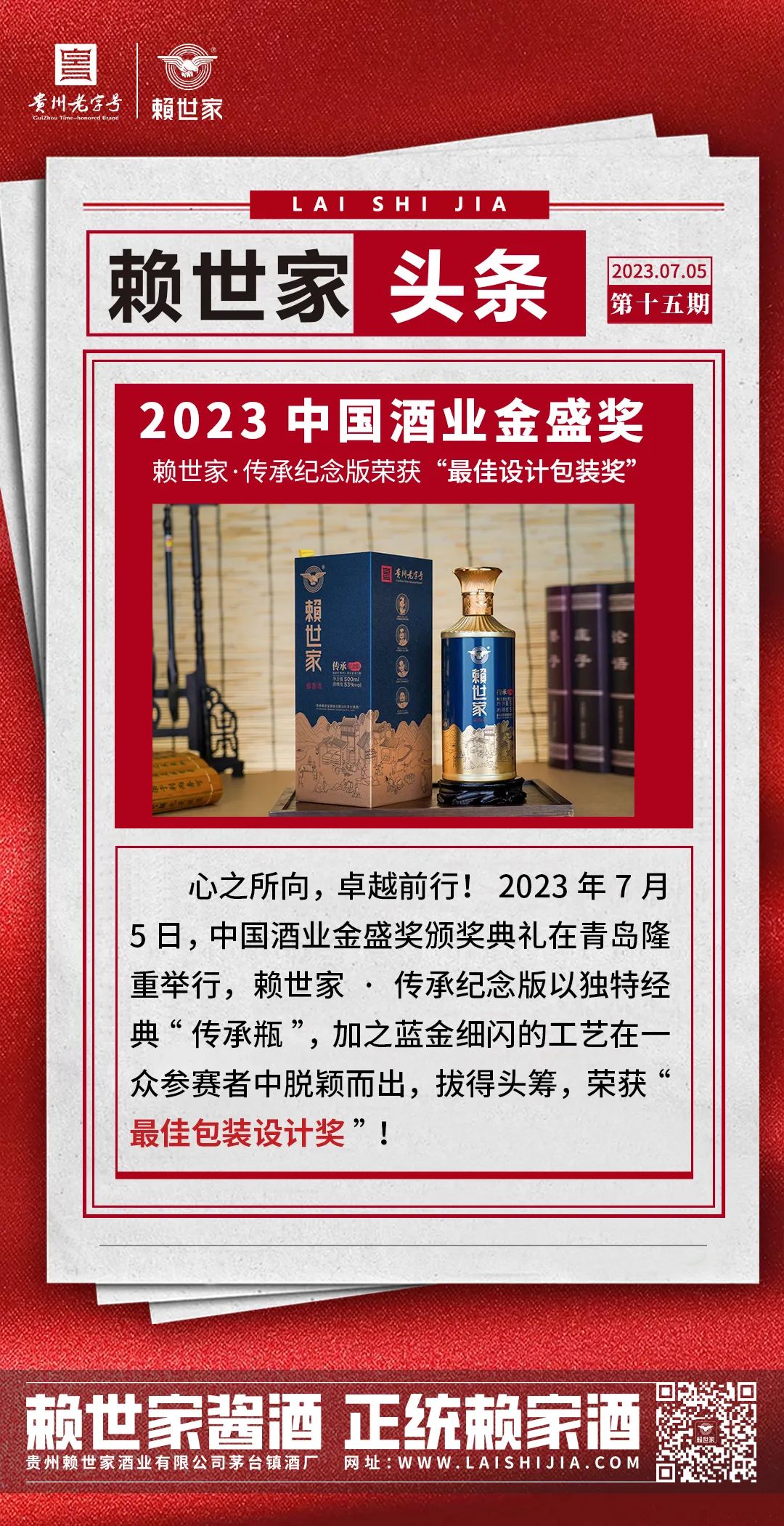 7月5日,2023年中国酒业金盛奖榜单在青岛揭晓,赖世家酒业凭借深厚的文化底蕴、过硬的品质实力蝉联“中国酒业好产品”大奖,并揽获“最佳包装设计奖”。
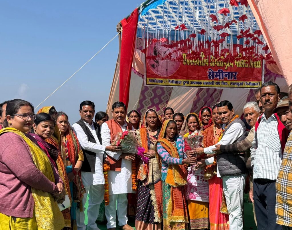 लालकुआं/खुटियाखाल (9 मार्च 2026): अंतरराष्ट्रीय महिला दिवस के उपलक्ष्य में आयोजित एक दिवसीय सेमिनार में वक्ताओं ने पर्वतीय अर्थव्यवस्था में महिलाओं की निर्णायक भूमिका पर जोर दिया। पूर्व विधायक दान सिंह भंडारी और दुग्ध संघ अध्यक्ष मुकेश बोरा की मौजूदगी में उत्कृष्ट कार्य करने वाली महिला दुग्ध उत्पादकों को पुरस्कृत किया गया।
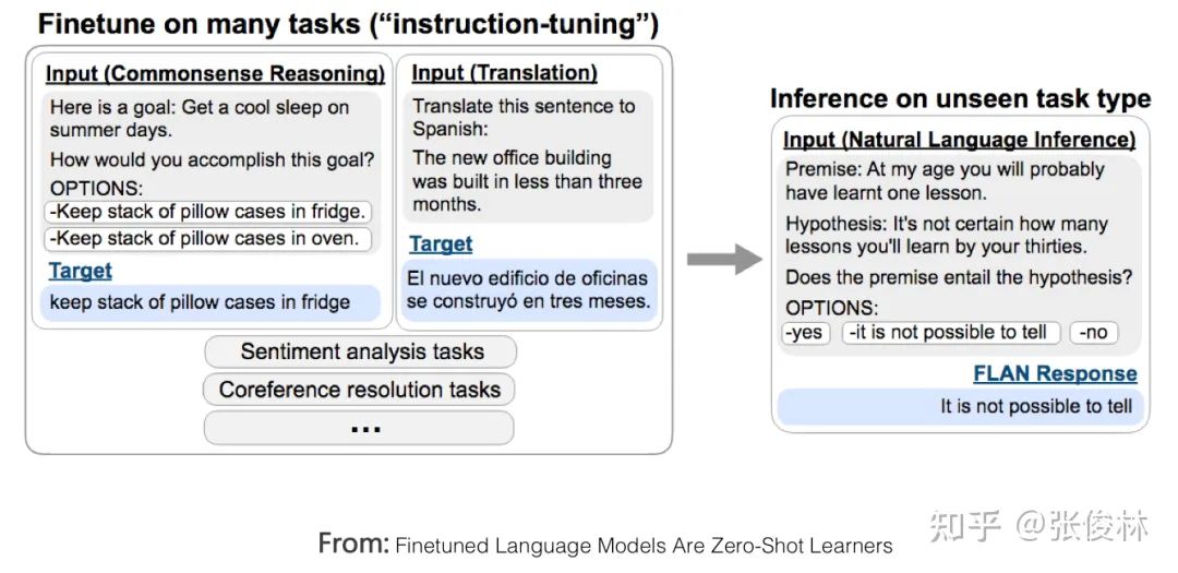我们先来看第一种:偏学术研究的Instruct。它的核心研究主题是多任务场景下,LLM模型对Instruct理解的泛化能力。如上图中FLAN模型所示,就是说有很多NLP任务,对于每个任务,研究人员构造一个或者多个Prompt模版作为任务的Instruct,然后用训练例子对LLM模型进行微调,让LLM以同时学习多个任务。训练好模型后,给LLM模型一个它没见过的全新任务的Instruct,然后让LLM 解决zero shot任务,从任务解决得是否足够好,来判断LLM模型是否有对Instruct理解的泛化能力。

## Work required
Transcribe the material exactly, and leave out whatever pictures it holds.

## Exercise result
 7月5日,2023年中国酒业金盛奖榜单在青岛揭晓,赖世家酒业凭借深厚的文化底蕴、过硬的品质实力蝉联“中国酒业好产品”大奖,并揽获“最佳包装设计奖”。
 लालकुआं/खुटियाखाल (9 मार्च 2026): अंतरराष्ट्रीय महिला दिवस के उपलक्ष्य में आयोजित एक दिवसीय सेमिनार में वक्ताओं ने पर्वतीय अर्थव्यवस्था में महिलाओं की निर्णायक भूमिका पर जोर दिया। पूर्व विधायक दान सिंह भंडारी और दुग्ध संघ अध्यक्ष मुकेश बोरा की मौजूदगी में उत्कृष्ट कार्य करने वाली महिला दुग्ध उत्पादकों को पुरस्कृत किया गया।
我们先来看第一种:偏学术研究的Instruct。它的核心研究主题是多任务场景下,LLM模型对Instruct理解的泛化能力。如上图中FLAN模型所示,就是说有很多NLP任务,对于每个任务,研究人员构造一个或者多个Prompt模版作为任务的Instruct,然后用训练例子对LLM模型进行微调,让LLM以同时学习多个任务。训练好模型后,给LLM模型一个它没见过的全新任务的Instruct,然后让LLM 解决zero shot任务,从任务解决得是否足够好,来判断LLM模型是否有对Instruct理解的泛化能力。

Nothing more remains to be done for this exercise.